TASK ITEM:
Exactly the lines below starting at the line with "1月15日,由中国石油和化学" and ending at the line with "महासमुंद। महासमुंद जिले" are wanted, with both ends included. Leave out the pictures and add no other lines.

THE DATA:
-*-
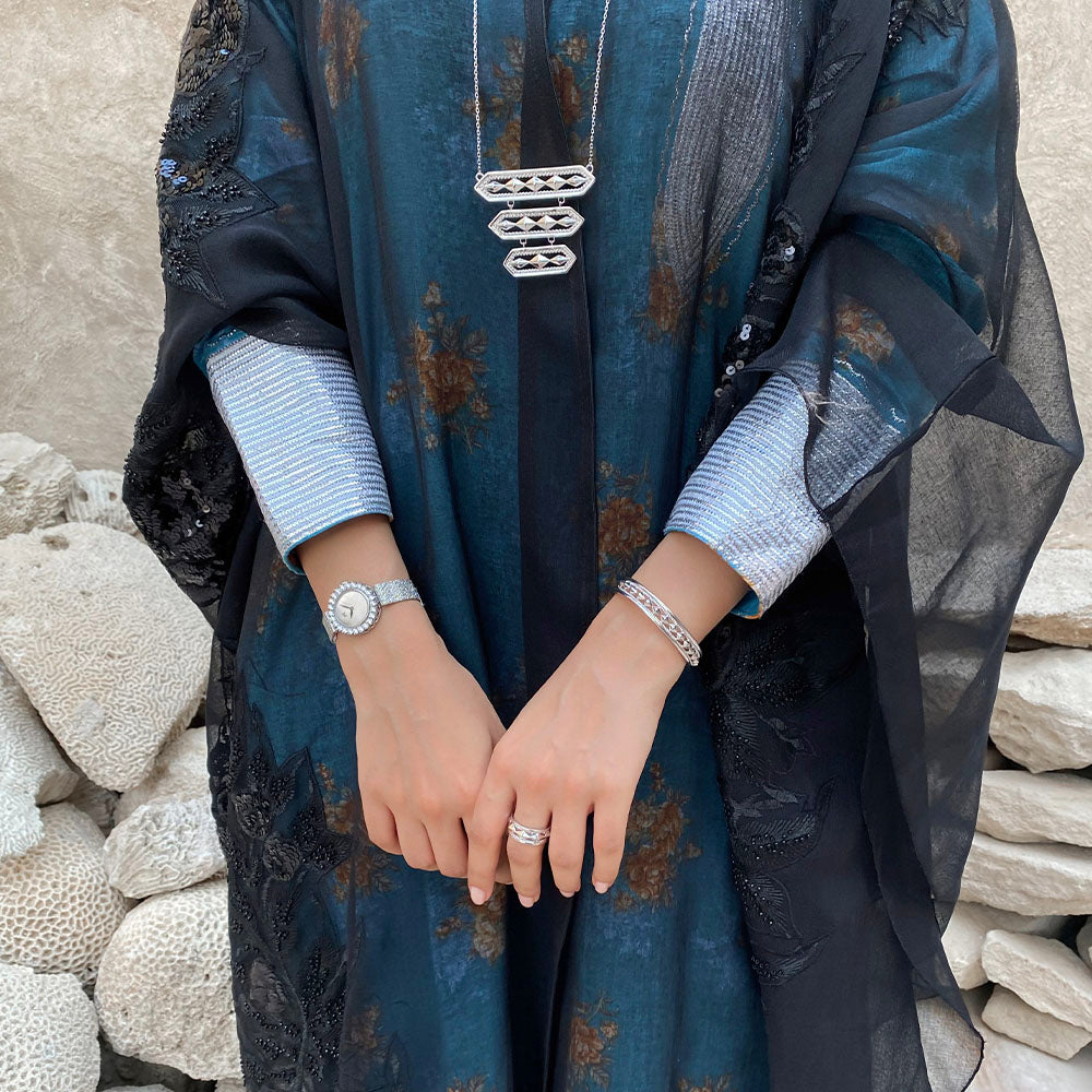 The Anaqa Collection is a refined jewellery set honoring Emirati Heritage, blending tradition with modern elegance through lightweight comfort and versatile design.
-*-
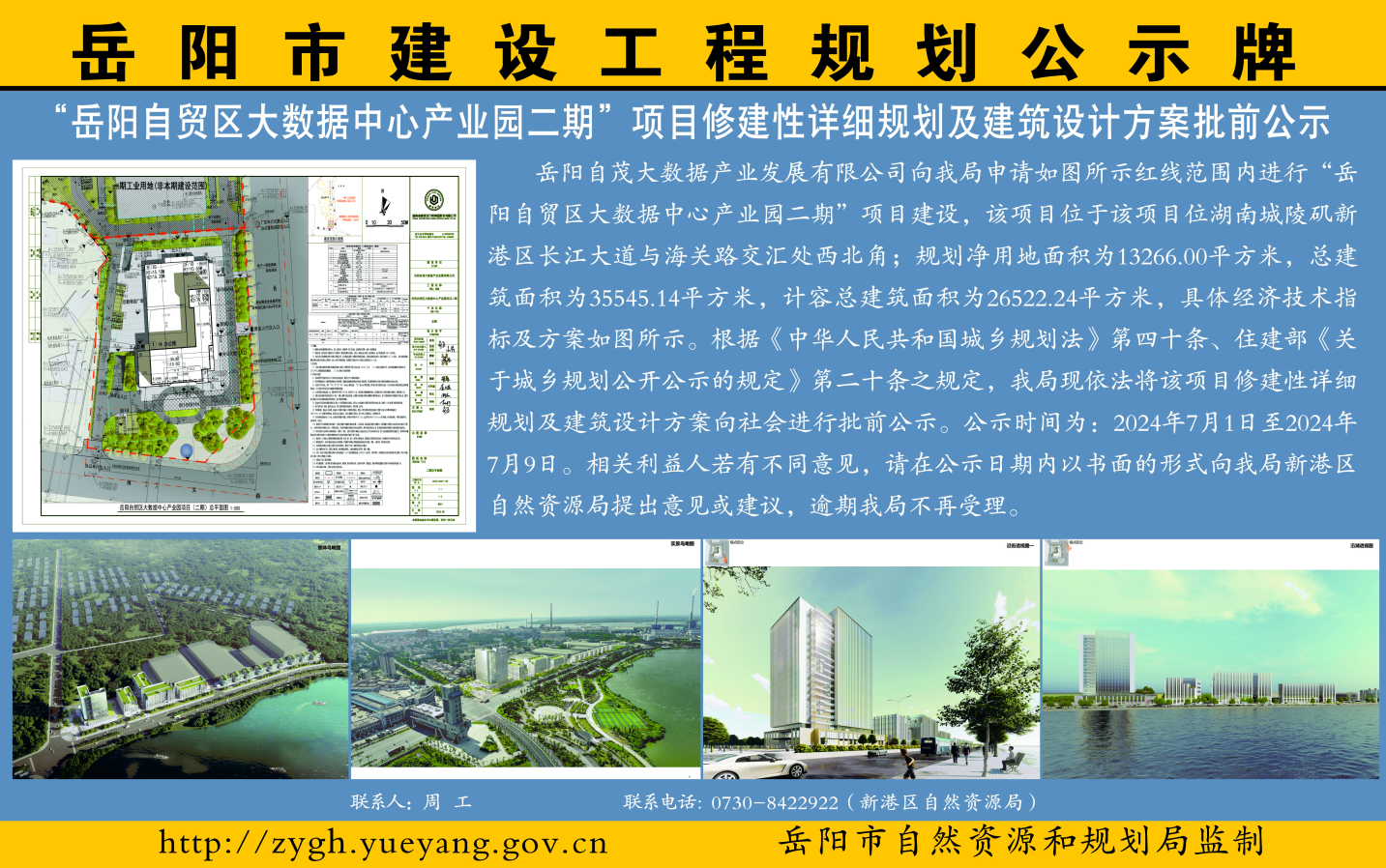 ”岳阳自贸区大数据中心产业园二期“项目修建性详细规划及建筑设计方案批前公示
-*-
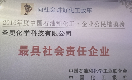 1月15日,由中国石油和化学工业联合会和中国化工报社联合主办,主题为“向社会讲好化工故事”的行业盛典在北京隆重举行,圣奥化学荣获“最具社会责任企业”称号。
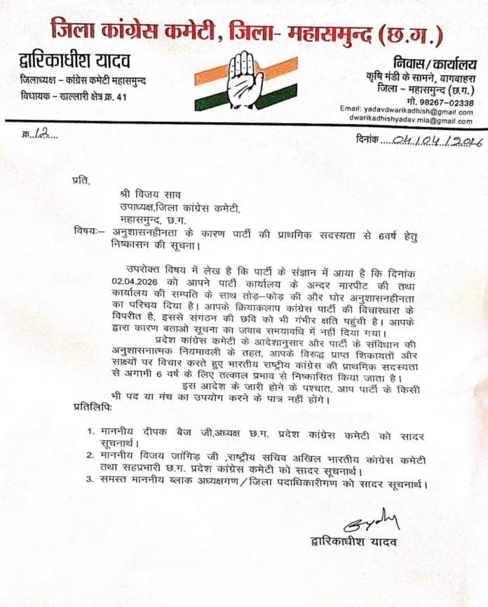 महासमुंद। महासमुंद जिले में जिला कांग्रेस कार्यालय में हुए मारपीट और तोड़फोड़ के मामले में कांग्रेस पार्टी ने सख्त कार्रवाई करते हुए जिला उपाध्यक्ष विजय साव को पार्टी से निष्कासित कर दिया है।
-*-
SOLUTION TO THIS PROBLEM:
 1月15日,由中国石油和化学工业联合会和中国化工报社联合主办,主题为“向社会讲好化工故事”的行业盛典在北京隆重举行,圣奥化学荣获“最具社会责任企业”称号。
 महासमुंद। महासमुंद जिले में जिला कांग्रेस कार्यालय में हुए मारपीट और तोड़फोड़ के मामले में कांग्रेस पार्टी ने सख्त कार्रवाई करते हुए जिला उपाध्यक्ष विजय साव को पार्टी से निष्कासित कर दिया है।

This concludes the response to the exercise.